Supplied data:
##########

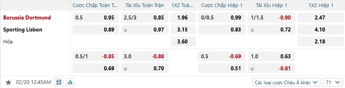 Tip kèo Châu Á full trận Dortmund vs Sporting Lisbon
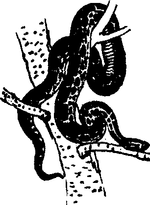 图297 蟒蛇 蟒蛇mexcan burrowingPython molurus bivittatusSchlegel,爬行纲,有鳞目,蟒蛇科。中国蛇类中最大的一种,无毒。长可达6~7 m。体长粗壮,头颈区分明显,尾短。泄殖腔两侧有一对爪状结构,是后肢退化的残迹。头背有成对大鳞片和多数细鳞;吻鳞及前两枚上唇鳞具唇窝;背鳞平滑,中段65~72行;尾下鳞为双行。背面灰棕色或黄色,背脊及两侧均有大块镶黑边的云豹状斑纹;头颈部背面有一矛形斑;腹面均为黄白色,但在躯干及尾腹面杂有少数黑褐色斑。生活于热带、亚热带森林中,善攀援,亦栖于水中。夜间活动,捕食蛙、蛇、鸟、鼠等,也能绞死、吞食10 kg重的哺乳动物。卵生。雌蛇有缠卵孵育的习性。寿命可达25年以上。分布于中国南方诸省;也产于印度、斯里兰卡和东南亚一带。列为中国一级保护动物。
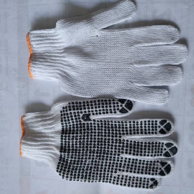 Produk Sarung Tangan Kain Bintik Hitam Serbaguna / Tukang / Industri biasa. Kurir biasa. servis toko pun biasa. soalnya ane orangnya biasa aja .
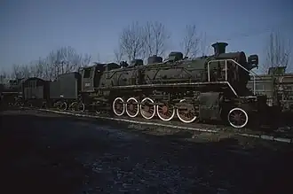 The China Railways ST2 class steam locomotive was a class of 2-10-2 "Santa Fe" type steam locomotives operated by the China Railway, built by the Krupp in Germany in 1935 for the privately owned Jinpu Railway in China. After 1938 they were operated by the North China Transportation Company, which designated them サタニ (Satani) class; after 1949 they were operated by the China Railway as class ST2, with the last of them retired by 1990.[1] ST2-22 remains preserved at the Shenyang Railway Museum.[2]
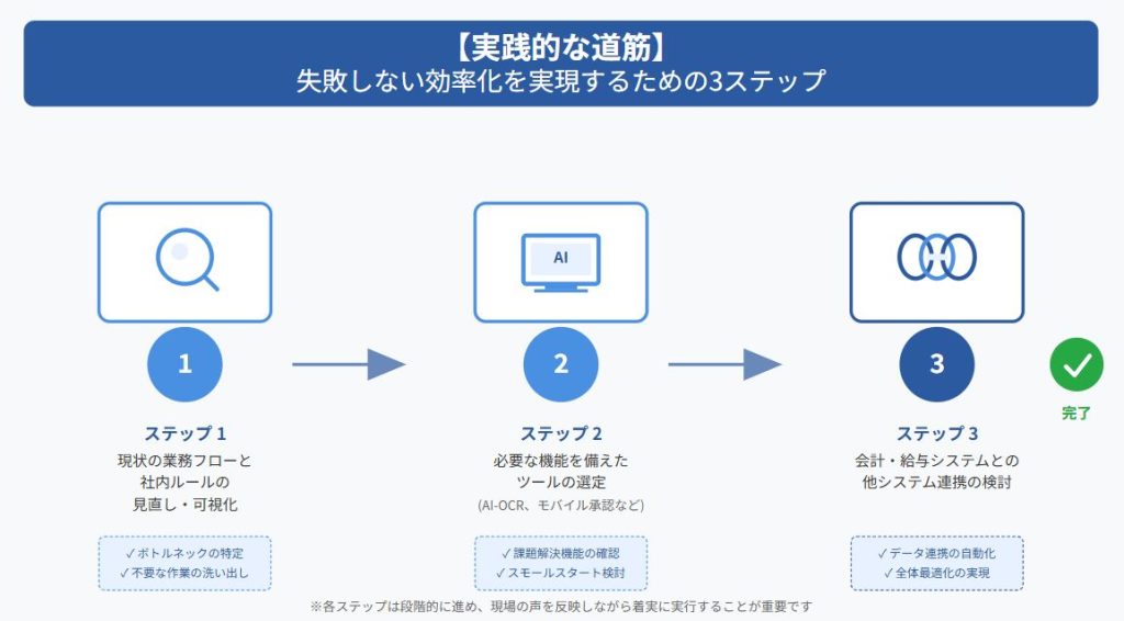 経費申請の効率化を現場に定着させるための3ステップ
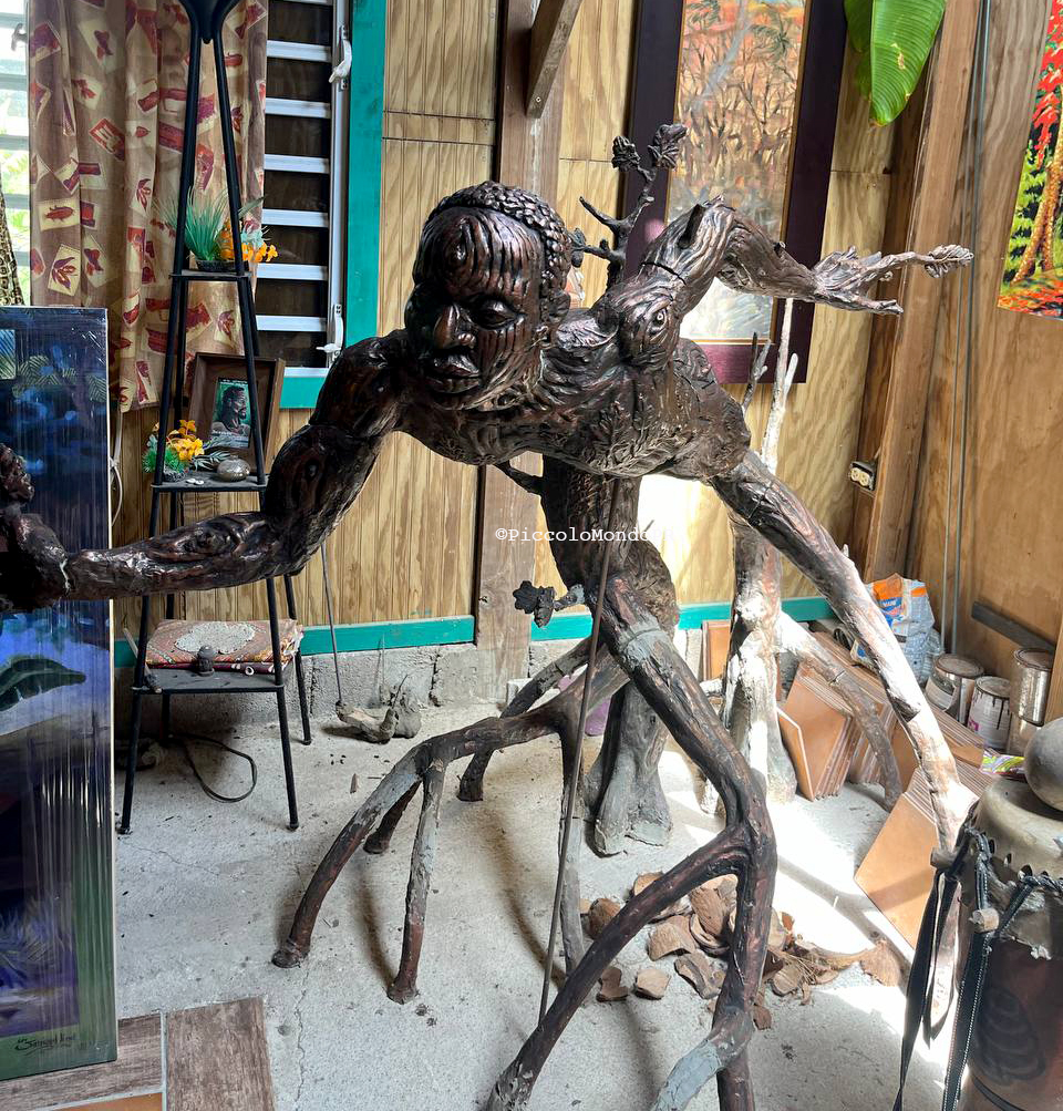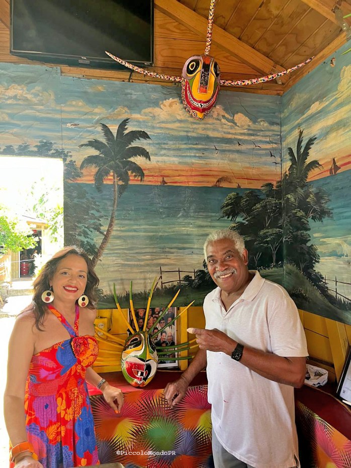 Seguimos el viaje al barrio Medianía Alta para visitar el estudio de Arte del artista Samuel Lind. No quiero dejar de mencionar que caminando hacia el estudio nos topamos con un vendedor en bicicleta de dulces de coco y de coco y piña. Los dulces hechos por él fueron una delicia, así que si se encuentran con él, compren y prueben sus dulces. La visita al estudio de arte de Samuel Lind es una experiencia extraordinaria para conocer más sobre las tradiciones e imágenes autóctonas de Loíza y adentrarse en el fascinante taller de trabajo de un artista dedicado a múltiples facetas creativas como la escultura, pintura y la impresión de carteles en serigrafía. Nacido en Loíza, Samuel Lind ha dedicado su vida a crear arte para exaltar la historia, personajes, tradiciones y el paisaje propio de su pueblo. Añadimos que Lind fue quien diseñó la bandera del pueblo de Loíza, diseño que en sus colores puede recordar los de la bandera de Ghana en África. La casa estudio de Samuel Lind es una revelación de su impresionante obra y de objetos históricos alusivos a Loíza y su pasado ancestral. Pudimos ver a Lind pintando en vivo una obra al óleo, dando trazos con sus pinceles a la figura de una majestuosa bailadora de bomba. El momento añadió un aura especial a nuestra visita. Allí Lind nos habló de su arte y nos mostró sus pinturas, esculturas y carteles. Una de las esculturas es el modelo de la obra monumental titulada Osaín, que es parte del Jardín Botánico y Cultural William Miranda Marín en Caguas. Esta impresionante escultura representa a un hombre negro convertido en árbol, con ramas saliendo de su cuerpo y sus piernas transformadas en raíces de mangle. Es una imagen de carácter mítico que conecta con la historia de Loíza. Entre pinturas de palmares, de la cacica Yuisa, de bailadoras de bomba, deidades de reminiscencia taína y máscaras de coco, máscaras africanas, barriles de bomba e infinidad de curiosidades que el artista ha coleccionado, Lind dio toques a su tambor y se retrató con nosotros dejándonos impregnados con su alegría. El estudio de arte Samuel Lind abre de miércoles a domingo de 9:00 a 5:00. Más información: https://www.facebook.com/estudiodeartesl
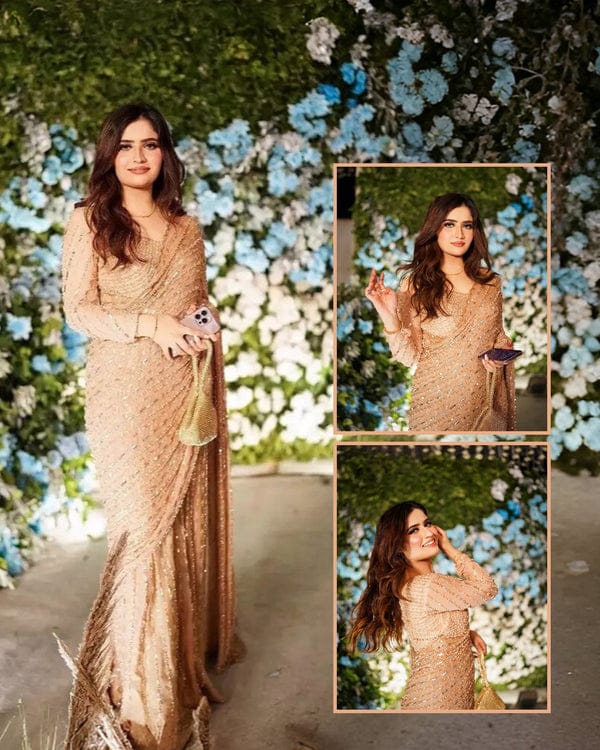 Aroob Jatoi & Iqra Kanwal Wearing Mirosh Luxury Chiffon Saree - Beige
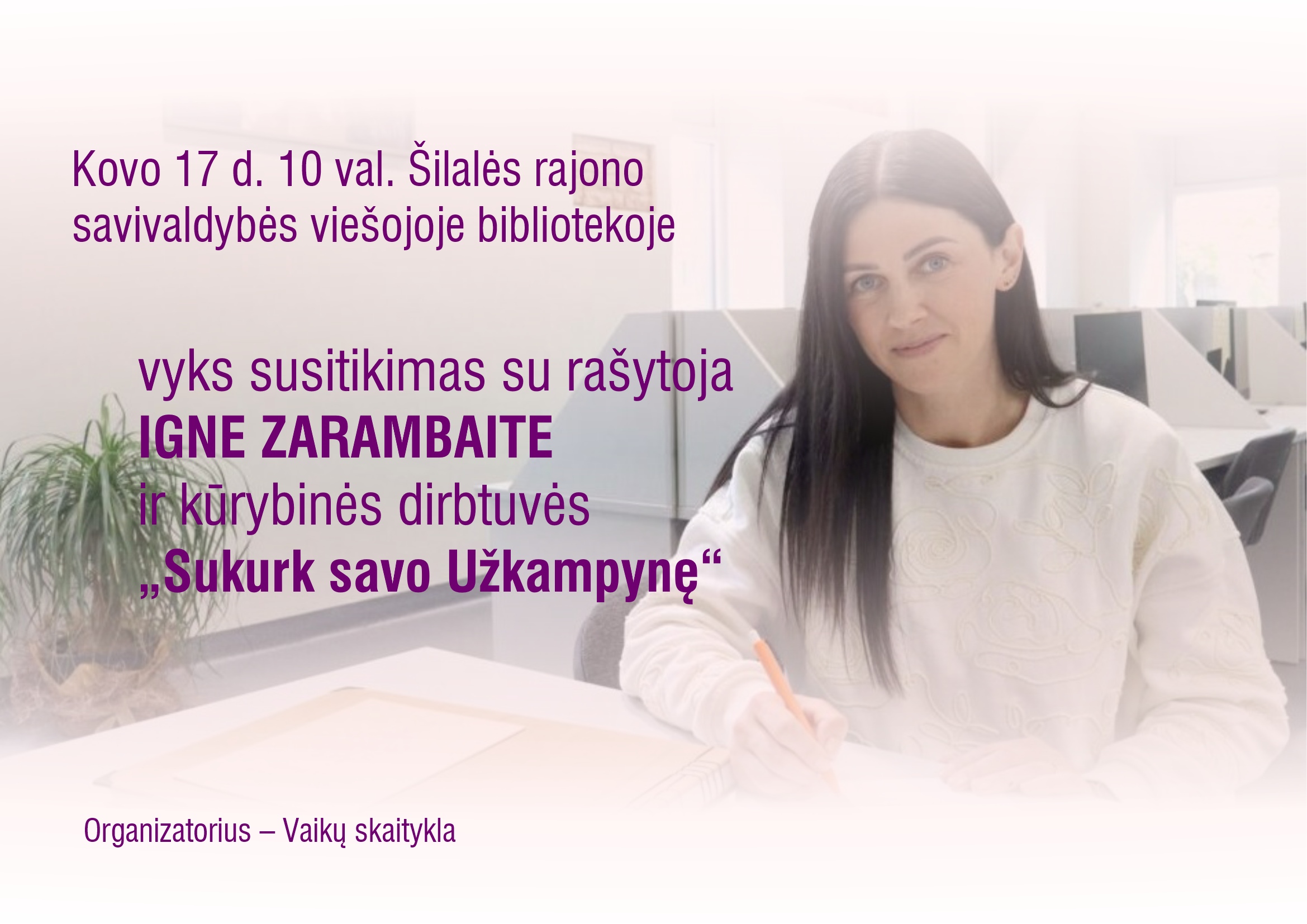 Kovo 17 d. 10 val. Šilalės rajono savivaldybės viešojoje bibliotekoje vyks susitikimas su rašytoja IGNE ZARAMBAITE ir kūrybinės dirbtuvės „Sukurk savo Užkampynę“.
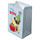 Felices saludos de cumpleaños con este lindo diseño que presenta un sonriente y fiesta cachorro Pug vestido de gorra con un quequito de cumpleaños. "Feliz cumpleaños" delante y "¡Haz un deseo!" detrás. El texto se puede cambiar fácilmente; sólo tiene que hacer clic en el botón personalizar.
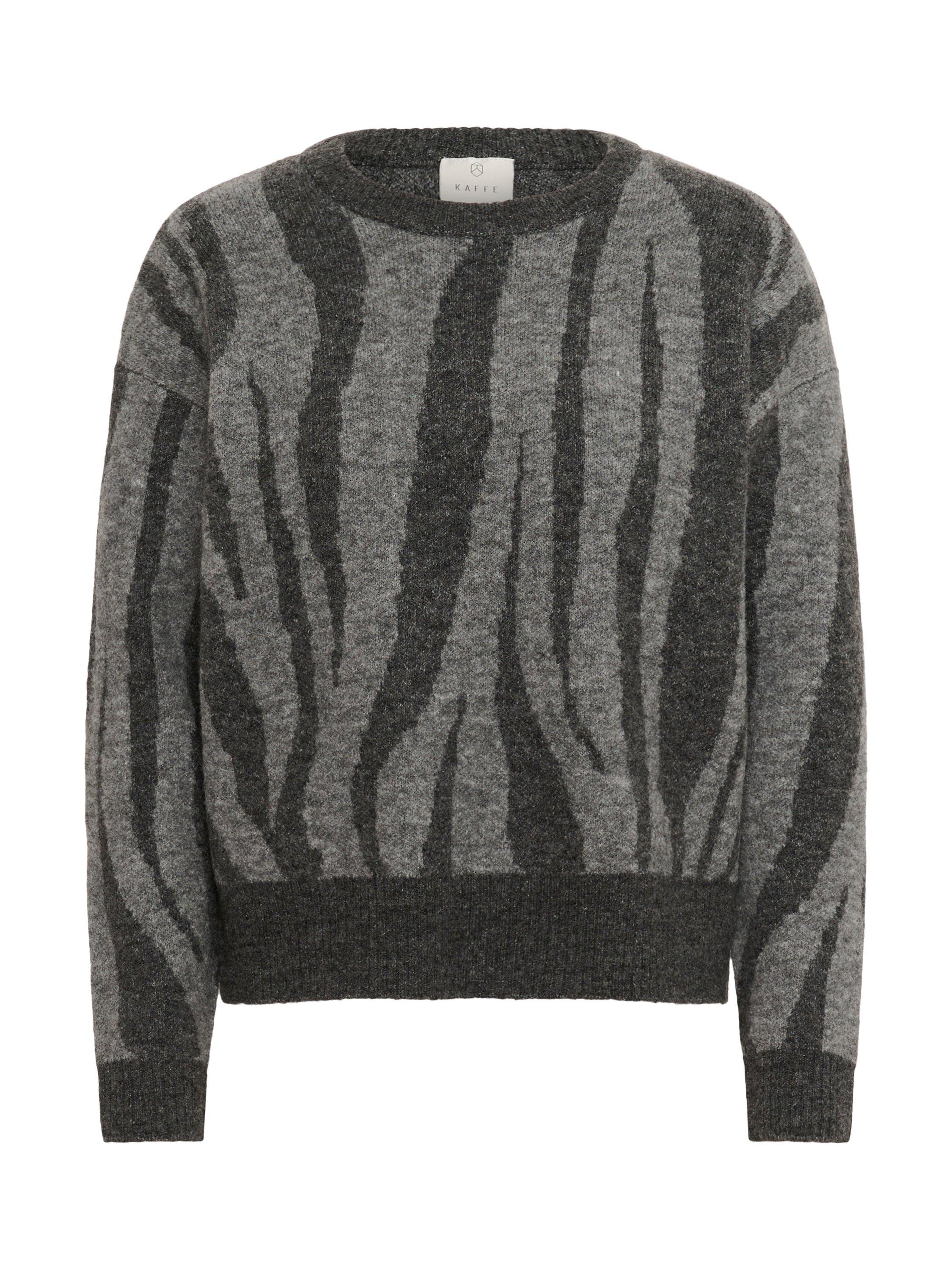 With a crew neckline for simple style and long sleeves, this mid-weight animal knit jumper by KAFFE is blended with wool for cosy wear.

##########

Problem to solve: Where an entry holds a picture, leave the picture out and output the rest exactly.

Solution:
 Tip kèo Châu Á full trận Dortmund vs Sporting Lisbon
 图297 蟒蛇 蟒蛇mexcan burrowingPython molurus bivittatusSchlegel,爬行纲,有鳞目,蟒蛇科。中国蛇类中最大的一种,无毒。长可达6~7 m。体长粗壮,头颈区分明显,尾短。泄殖腔两侧有一对爪状结构,是后肢退化的残迹。头背有成对大鳞片和多数细鳞;吻鳞及前两枚上唇鳞具唇窝;背鳞平滑,中段65~72行;尾下鳞为双行。背面灰棕色或黄色,背脊及两侧均有大块镶黑边的云豹状斑纹;头颈部背面有一矛形斑;腹面均为黄白色,但在躯干及尾腹面杂有少数黑褐色斑。生活于热带、亚热带森林中,善攀援,亦栖于水中。夜间活动,捕食蛙、蛇、鸟、鼠等,也能绞死、吞食10 kg重的哺乳动物。卵生。雌蛇有缠卵孵育的习性。寿命可达25年以上。分布于中国南方诸省;也产于印度、斯里兰卡和东南亚一带。列为中国一级保护动物。
 Produk Sarung Tangan Kain Bintik Hitam Serbaguna / Tukang / Industri biasa. Kurir biasa. servis toko pun biasa. soalnya ane orangnya biasa aja .
 The China Railways ST2 class steam locomotive was a class of 2-10-2 "Santa Fe" type steam locomotives operated by the China Railway, built by the Krupp in Germany in 1935 for the privately owned Jinpu Railway in China. After 1938 they were operated by the North China Transportation Company, which designated them サタニ (Satani) class; after 1949 they were operated by the China Railway as class ST2, with the last of them retired by 1990.[1] ST2-22 remains preserved at the Shenyang Railway Museum.[2]
 経費申請の効率化を現場に定着させるための3ステップ
 Seguimos el viaje al barrio Medianía Alta para visitar el estudio de Arte del artista Samuel Lind. No quiero dejar de mencionar que caminando hacia el estudio nos topamos con un vendedor en bicicleta de dulces de coco y de coco y piña. Los dulces hechos por él fueron una delicia, así que si se encuentran con él, compren y prueben sus dulces. La visita al estudio de arte de Samuel Lind es una experiencia extraordinaria para conocer más sobre las tradiciones e imágenes autóctonas de Loíza y adentrarse en el fascinante taller de trabajo de un artista dedicado a múltiples facetas creativas como la escultura, pintura y la impresión de carteles en serigrafía. Nacido en Loíza, Samuel Lind ha dedicado su vida a crear arte para exaltar la historia, personajes, tradiciones y el paisaje propio de su pueblo. Añadimos que Lind fue quien diseñó la bandera del pueblo de Loíza, diseño que en sus colores puede recordar los de la bandera de Ghana en África. La casa estudio de Samuel Lind es una revelación de su impresionante obra y de objetos históricos alusivos a Loíza y su pasado ancestral. Pudimos ver a Lind pintando en vivo una obra al óleo, dando trazos con sus pinceles a la figura de una majestuosa bailadora de bomba. El momento añadió un aura especial a nuestra visita. Allí Lind nos habló de su arte y nos mostró sus pinturas, esculturas y carteles. Una de las esculturas es el modelo de la obra monumental titulada Osaín, que es parte del Jardín Botánico y Cultural William Miranda Marín en Caguas. Esta impresionante escultura representa a un hombre negro convertido en árbol, con ramas saliendo de su cuerpo y sus piernas transformadas en raíces de mangle. Es una imagen de carácter mítico que conecta con la historia de Loíza. Entre pinturas de palmares, de la cacica Yuisa, de bailadoras de bomba, deidades de reminiscencia taína y máscaras de coco, máscaras africanas, barriles de bomba e infinidad de curiosidades que el artista ha coleccionado, Lind dio toques a su tambor y se retrató con nosotros dejándonos impregnados con su alegría. El estudio de arte Samuel Lind abre de miércoles a domingo de 9:00 a 5:00. Más información: https://www.facebook.com/estudiodeartesl
 Aroob Jatoi & Iqra Kanwal Wearing Mirosh Luxury Chiffon Saree - Beige
 Kovo 17 d. 10 val. Šilalės rajono savivaldybės viešojoje bibliotekoje vyks susitikimas su rašytoja IGNE ZARAMBAITE ir kūrybinės dirbtuvės „Sukurk savo Užkampynę“.
 Felices saludos de cumpleaños con este lindo diseño que presenta un sonriente y fiesta cachorro Pug vestido de gorra con un quequito de cumpleaños. "Feliz cumpleaños" delante y "¡Haz un deseo!" detrás. El texto se puede cambiar fácilmente; sólo tiene que hacer clic en el botón personalizar.
 With a crew neckline for simple style and long sleeves, this mid-weight animal knit jumper by KAFFE is blended with wool for cosy wear.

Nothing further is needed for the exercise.